Quick Hit Ellyn Fortino Thursday June 6th, 2013, 3:58pm

Chicago Workers Protest Low Wages, Treatment of McDonald's Employees On Global Day Of Action (VIDEO)

Chicago fast food workers and advocates for a living wage protested outside a downtown McDonald’s Thursday morning, demanding that the company stop mistreating its workers. 

Thursday’s protest coincided with similar demonstrations at McDonald's restaurants in more than 30 countries as part of the National Guestworker Alliance’s global anti-exploitation campaign against the fast food giant. 

Tyree Johnson, who has worked at McDonald’s in Chicago for 21 years, said he has been “exploited” and “disrespected” at the hands of the company.

“I complained to my boss about a raise, and I told her I’ve been evicted, and she said, ‘So what? I don’t care,’” Johnson said outside the McDonald’s at 23 S. Clark St. “So I’m here to fight and stand up for $15 a hour and support guestworkers who have been exploited also.”

In early March, student guestworkers went on strike and exposed the poor working conditions they say they experienced while working at McDonald’s in Harrisburg, Pennsylvania.

The guestworkers say they faced threats of deportation by McDonald’s franchise management, were given as few as four work hours a week while earning a $7.25 an hour wage, and dealt with high housing deductions, putting their net pay far below the minimum wage.

Later that month, the student guestworkers visited Chicago and held a workers’ rights teach-in at the Rock N’ Roll McDonald’s and lent their support to the organizing Chicago fast food workers.

Most of the student guestworkers have now headed back to their home countries, which is why they have called for a global day of action, said Deivid Rojas with the Workers Organizing Committee of Chicago.

Members of the Workers Organizing Committee of Chicago, a union for downtown fast food and retail workers, went on a massive strike April 24. They demanded $15 an hour as well as the right to form a union without retaliation. Read Progress Illinois' full report on the strike here.

“That’s my plea right there,” Johnson said. “I want the rights.”

Many members of the Workers Organizing Committee of Chicago are employed at McDonald’s, Rojas said.

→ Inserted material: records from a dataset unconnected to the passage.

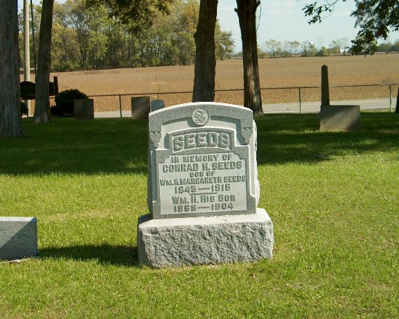 The tombstone of Conrad Seeds (1845-1915) and his son William (1868-1904).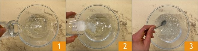 To prepare salted almonds, first pour warm water into a bowl 1, add the coarse salt 2, and stir to dissolve it 3.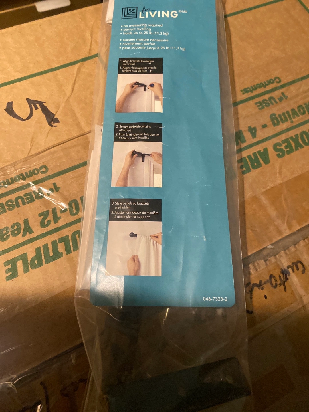 Selling a Living cafe rod! 18-48” 45.7-122cm; dual. 3/4” (1.9 cm) - Perfect leveling - Holds up to 25 lb (11.3 kg) It's easy to install and secure rod. Black smooth finish. Moving Sale Pick up only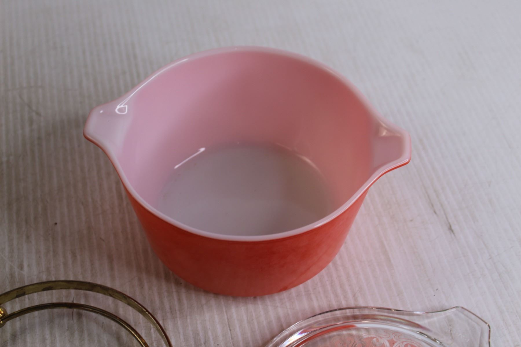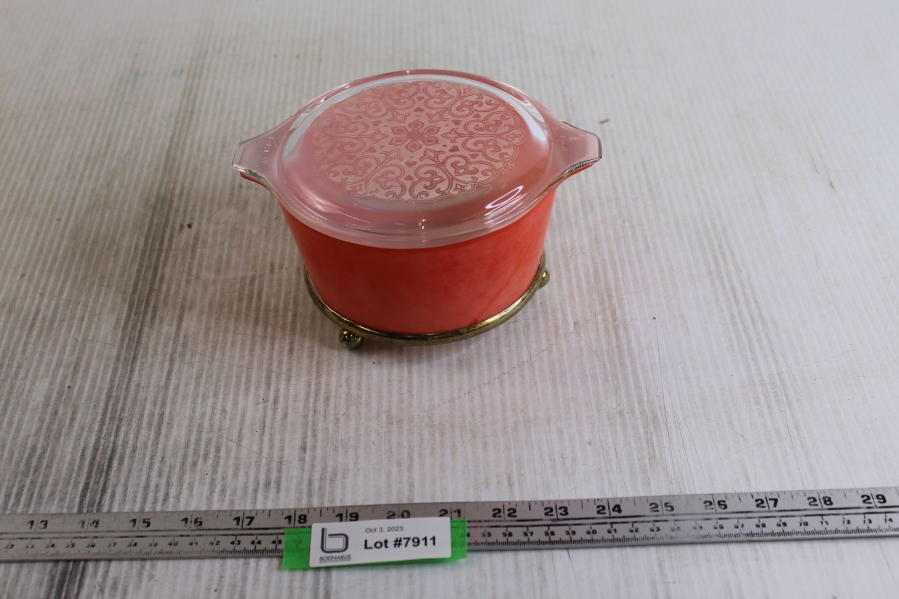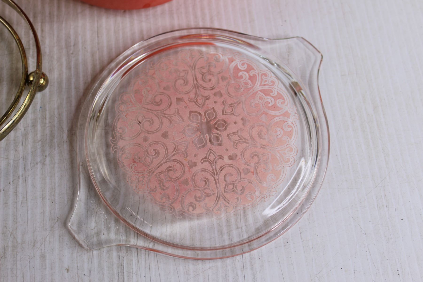 Faded "Celtic Floral" Pink Pyrex Casserole with Trivet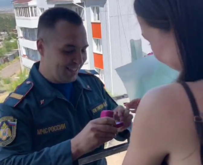Старший пожарный из Бурятии решил креативно сделать предложение любимой. В День семьи, любви и верности он с коллегами по цеху инсценировал пожар в подъезде.

“They don’t have a livable wage,” Rojas pointed out. “They don’t have benefits. Some have long hours, some of them have shorter hours.”

Later into Thursday's protest, the demonstrators attempted to enter the restaurant to deliver a letter against McDonald’s worker practices, which was addressed to McDonald’s CEO Don Thompson. But security barred them from entering.

Johnson, who is employed at that particular location, asked if just he could enter, so he could deliver the letter to his boss. He was also told ‘no.’

The letter demands that McDonald’s "agree to end exploitation and retaliation of the international guestworkers recruited to work in all U.S. stores; and guarantee freedom of association and the right to organize without retaliation for all of McDonald’s workers worldwide.” The letter is signed by more than 40 unions and organizations from around the world.

Robert Wilson Jr., who works at the McDonald’s at Navy Pier, said the company is taking advantage of its workers. Employees at McDonald’s do not receive paid sick days or time-and-a-half compensation, Wilson explained.

“We’re out here because we work too hard for these companies to be exploited, to feel underpaid even when were getting full-time,” he said.

McDonald's workers put in full-time hours, yet they do not take home a living wage to take care of their basic needs, Wilson noted. Even some of the full-time workers at McDonald’s have to rely on government assistance, he said.

Here’s more from Wilson and scenes from the protest:

Rojas said workers have continued to send McDonald’s the message that working conditions need to change.

“Unfortunately, McDonald’s has continued to claim that they treat their workers with dignity and respect, and there’s a lot of opportunity, when in fact most of these workers have no benefits, they’re earning the minimum wage, they have no sick leave,” he said.

Many of the workers are also raising families.

“They don’t have enough to raise a family here,” Rojas stressed.

Other protests are also expected to take place Thursday in Belgium, Brazil, China, Finland, France, Germany, Great Britain, India and other countries.